Из дверей мельницы высунулась чья-то припорошенная мукой голова, и мельник, оставив нас, заковылял к мельнице. Романыч осмотрел меня с ног до головы, сказал:
– Нужда не нужда, а у каждого человека свое горе случается, свои думки наплывают. В сорок первом в один день похоронные получил на своих сынков, Николку и Федяшку. Однополчане сказывают, в танке сгорели. В том же году взяли мы с бабкой парнишку-сироту, вырастили, в армии отслужил, женили, а тут опять горе на наш дом навалилось. Умерла старуха, а вслед за ней – Серега, приемный сынок, преставился. Остался я один со снохой.
– Что, обижает? – спросил я.
– Нет. И зятя принял, тоже ласковый. И пенсией меня не обидели, а горю этим не поможешь. Сижу на бахче (сторожем я в колхозе), по грачам из ружья пуляю, веники сибирьковые вяжу, а думки все о своей жизни…
Старик покосился на меня и тихо, почти шепотом сказал:
– Он, Лександрыч, против каждого людского горя слово имеет.
– Что же это за слово?
Романыч опять испытующе посмотрел на меня, и я заметил, как в его глазах искоркой блеснула первая вечерняя звезда.
– Оно волшебное, – таинственно и многозначительно произнес старик и придвинулся ко мне вплотную. – Дуб-то, он, паря, абы кому не подарит это слово. Ты видел его, дуб-то, что у Зыбучего Бугра? Эге, паря, это не простой дуб. Он бессмертный. Ему столько веков, сколько воды унес в море тихий Дон. Он все слышит, все чует, где что делается, – корни его по всей земле расплелись. Он и видит все – голова его под самыми облаками. Много добра и зла видал за свою жизнь, много мудрости набрался, потому и стал бессмертным.
Расскажу тебе о дубе том сказку-быль, а ты – хочешь верь, хочешь не верь, дело твое.

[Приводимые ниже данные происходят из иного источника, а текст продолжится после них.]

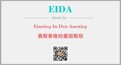 上述内容是“Einstieg In Den Ausstieg”作为“EIDA”的缩写,解释为“奥斯蒂格的爱因斯坦”时的信息,以及英文缩略词EIDA所代表的英文单词,其对应的中文拼音、详细解释以及在英文中的流行度和相关分类、应用领域及应用示例等。
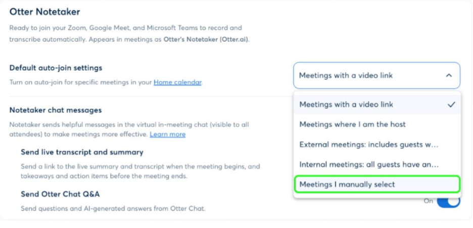 Q1. Do I have the option to disable Otter AI Notetaker for particular meetings only?
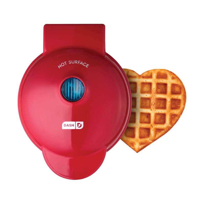 DASH Mini Waffle Maker Machine for Individuals, Paninis, Hash Browns, & Other On the Go Breakfast, Lunch, or Snacks, with Easy to Clean, Non-Stick Sides, Red Heart 4 Inch
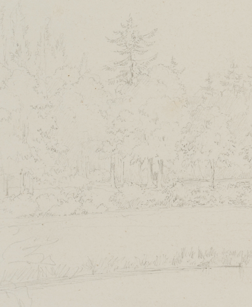 Unbekannt (19. Jahrhundert), Potsdamer Landschaftspark, Ententeich mit Brücke, um 1830, Bleistift
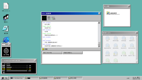 A text adventure game in first-person perspective, with the protagonist being male. You need to uncover the truth by having conversations with various cute girls. Trigger different events through options and finally choose the ending that suits you.
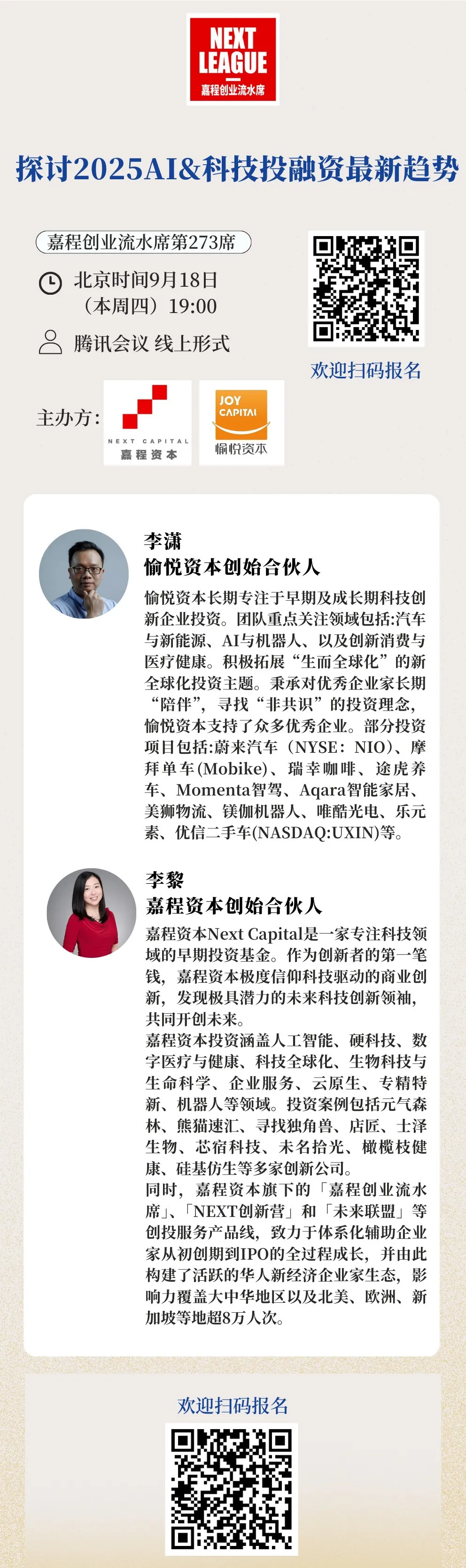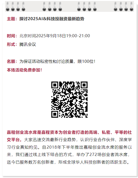 9月18日,本周四晚19:00,热爱创新的嘉程资本开启嘉程创业流水席第273席!我们邀请了愉悦资本创始合伙人李潇、嘉程资本创始合伙人李黎一起深度探讨2025AI&科技投融资最新趋势!欢迎各位从业者、创业者、投资人和行业专家一起参加!
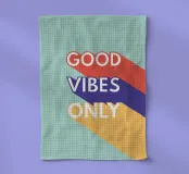 Una dichiarazione tipografica in tre potenti parole: GOOD - VIBES - ONLY. Ogni parola in un colore diverso, ogni linea con un'ombra lunga: visivamente forte, emotivamente chiaro. Lo sfondo verde pastello conferisce leggerezza, mentre il rosso, il blu e il giallo simboleggiano energia, calma e ottimismo.
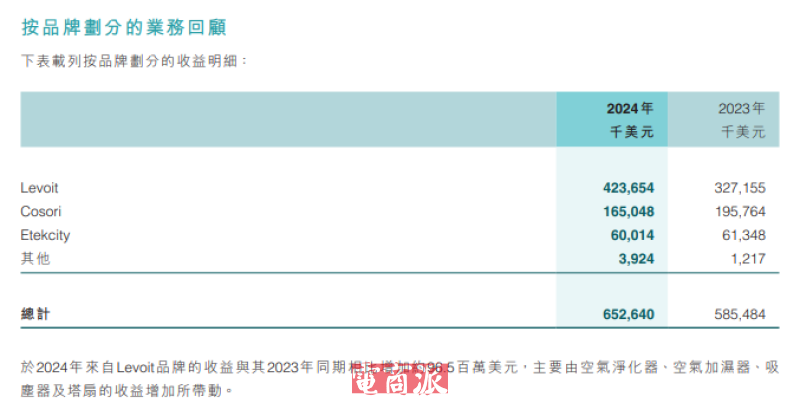 從其母公司深圳晨北科技Vesync的2024年財報來看,公司全年營收達已達到6.53億美元,其中Levoit品牌的收益突破4.23億美元,較上一年同比增長29.5%,占母公司總收益的64.9%,功不可沒。
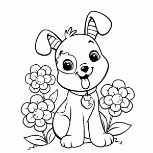 Vrolijke puppy tussen de bloemenTekst aan kleurplaat toevoegen Bekijk en print de grote versie
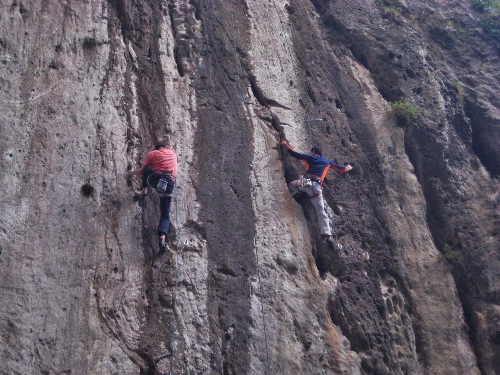 Oggi particolarmente affollata. Oltre a quelli che mi hanno fatto toccare con mano i buchi di baccotabaccoevenere e quelli dei mari del sud c’erano anche arrampicatori francesi
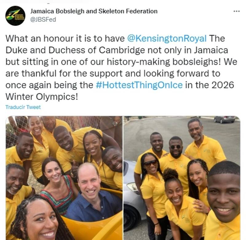"¡Qué honor es tener a @KensingtonRoyal, el duque y la duquesa de Cambridge, no solo en Jamaica sino sentados en uno de nuestros trineos históricos! ¡Estamos agradecidos por el apoyo y esperamos ser una vez más #HottestThingOnIce en los Juegos Olímpicos de Invierno de 2026!", destacó la cuenta oficial de la Federación de Bobsleigh y Skeleton de Jamaica

Давно это, паря, было. Гуляли в ту пору по Дону банды беляков, житья от них трудовому люду не было. Не нравилась им молодая Советская власть, задушить ее хотели. Собрался тогда из трудового люда отряд и – навстречу банде. Сошлись на Зыбучем Бугре, шашки скрестили… Да так, что остался от отряда того один-одинешенек молодой боец, парнишка лет пятнадцати. Чудом, стало быть, уцелел. Пошел он к дубу, сел под ним и обхватил голову руками. Слышит, дуб что-то шепчет, спрашивает: «Что ты приуныл, паря, какие у тебя думки в голове?» Парнишка отвечает: «Командира моего зарубили бандиты, весь наш отряд уничтожили. Как теперь я помогу Советской власти, своему бедному люду?» И тогда еще ниже склонился дуб своими ветками к парнишке, зашептал: «Вижу, паря, мать дала тебе хорошее, доброе сердце, а я тебе дам волшебное слово. Бери его и неси людям. Для врага оно будет страшней острой шашки и длинной пики, для друзей – студеным ручьем, игристым донским вином, что бодрит сердце и утоляет жажду…»
С тех пор парнишка и стал приходить к дубу тому. Я сам видал его там однажды. Иду по тропинке, слышу: шепчет, шепчет дуб, а под ним – он… Не стал я мешать, прошел стороной. Он и теперь приходит. Только уже совсем белый стал, как я. А дуб все шепчет и шепчет…
Далеко не у каждого литератора бывает такая завидная писательская судьба, как у Шолохова. При его жизни народ слагает о нем легенды, поэты посвящают ему стихи.
…Коль пойдешь ты ночью к Дону синему —Звезды в нем, купался, дрожат,Меловые горы, точно в инее,Важное теченье сторожат.Слушая наполненную шорохомЭту ночь и говор казаков,Ты невольно скажешь: «Это Шолохов!Вот его дыханье жарких слов!»